- INFORMATION PROVIDED:
========
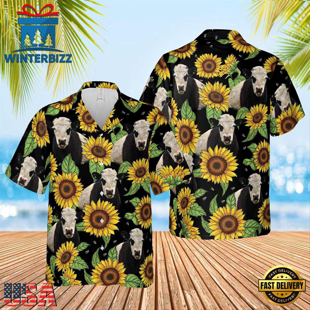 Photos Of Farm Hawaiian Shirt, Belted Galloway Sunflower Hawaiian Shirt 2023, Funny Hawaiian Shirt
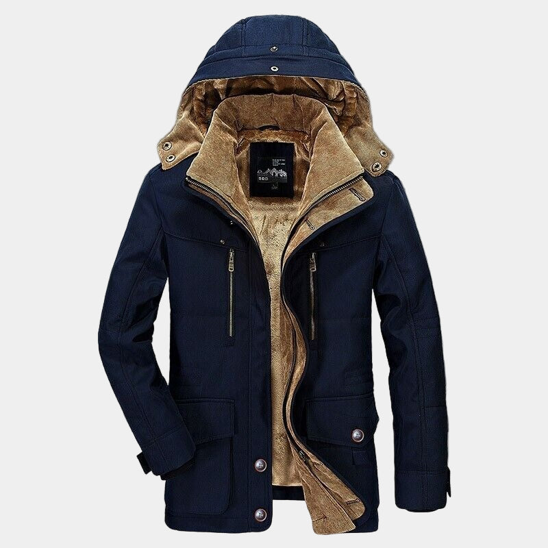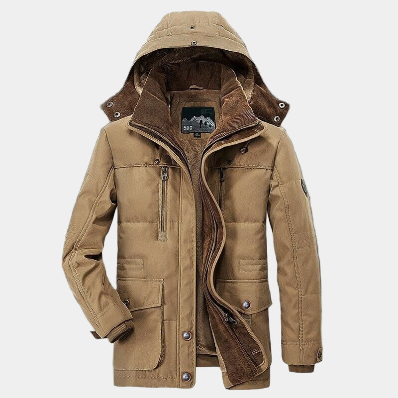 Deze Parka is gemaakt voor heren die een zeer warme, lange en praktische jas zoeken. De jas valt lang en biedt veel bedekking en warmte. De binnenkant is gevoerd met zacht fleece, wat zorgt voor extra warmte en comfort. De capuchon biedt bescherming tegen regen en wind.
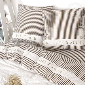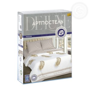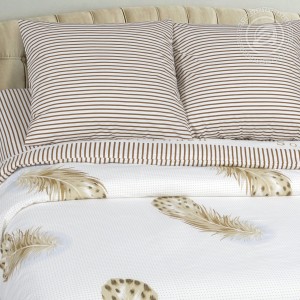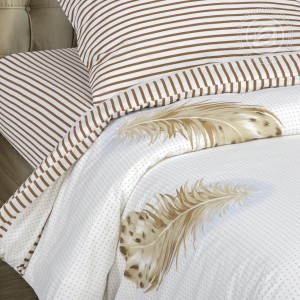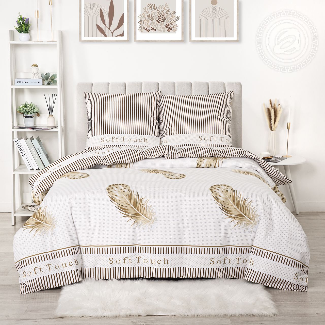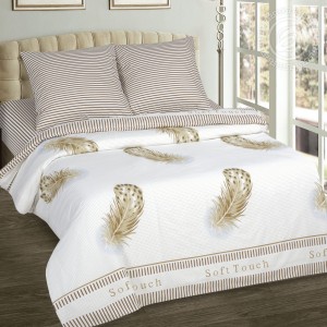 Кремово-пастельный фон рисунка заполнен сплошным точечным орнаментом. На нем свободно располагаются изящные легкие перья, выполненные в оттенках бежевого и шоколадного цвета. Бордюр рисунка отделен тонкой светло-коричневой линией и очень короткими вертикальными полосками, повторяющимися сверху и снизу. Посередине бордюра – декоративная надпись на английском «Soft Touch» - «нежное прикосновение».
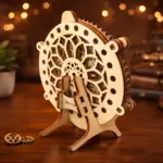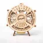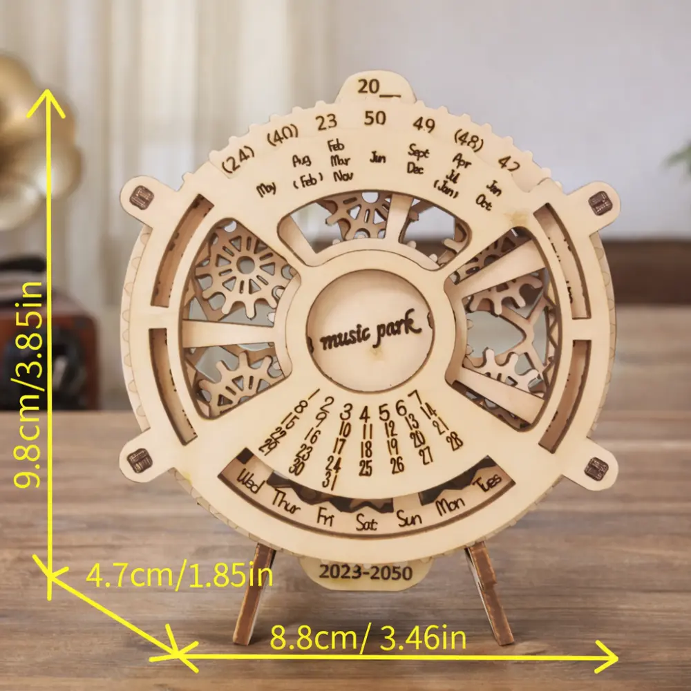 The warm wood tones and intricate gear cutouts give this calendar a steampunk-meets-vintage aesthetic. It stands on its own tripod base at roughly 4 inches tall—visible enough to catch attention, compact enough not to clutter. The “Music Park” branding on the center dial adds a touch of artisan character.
========
- EXERCISE INSTRUCTIONS:
When an image appears in the data, skip it and output the rest exactly.

- ANSWER FOR THE TASK:
 Photos Of Farm Hawaiian Shirt, Belted Galloway Sunflower Hawaiian Shirt 2023, Funny Hawaiian Shirt
 Deze Parka is gemaakt voor heren die een zeer warme, lange en praktische jas zoeken. De jas valt lang en biedt veel bedekking en warmte. De binnenkant is gevoerd met zacht fleece, wat zorgt voor extra warmte en comfort. De capuchon biedt bescherming tegen regen en wind.
 Кремово-пастельный фон рисунка заполнен сплошным точечным орнаментом. На нем свободно располагаются изящные легкие перья, выполненные в оттенках бежевого и шоколадного цвета. Бордюр рисунка отделен тонкой светло-коричневой линией и очень короткими вертикальными полосками, повторяющимися сверху и снизу. Посередине бордюра – декоративная надпись на английском «Soft Touch» - «нежное прикосновение».
 The warm wood tones and intricate gear cutouts give this calendar a steampunk-meets-vintage aesthetic. It stands on its own tripod base at roughly 4 inches tall—visible enough to catch attention, compact enough not to clutter. The “Music Park” branding on the center dial adds a touch of artisan character.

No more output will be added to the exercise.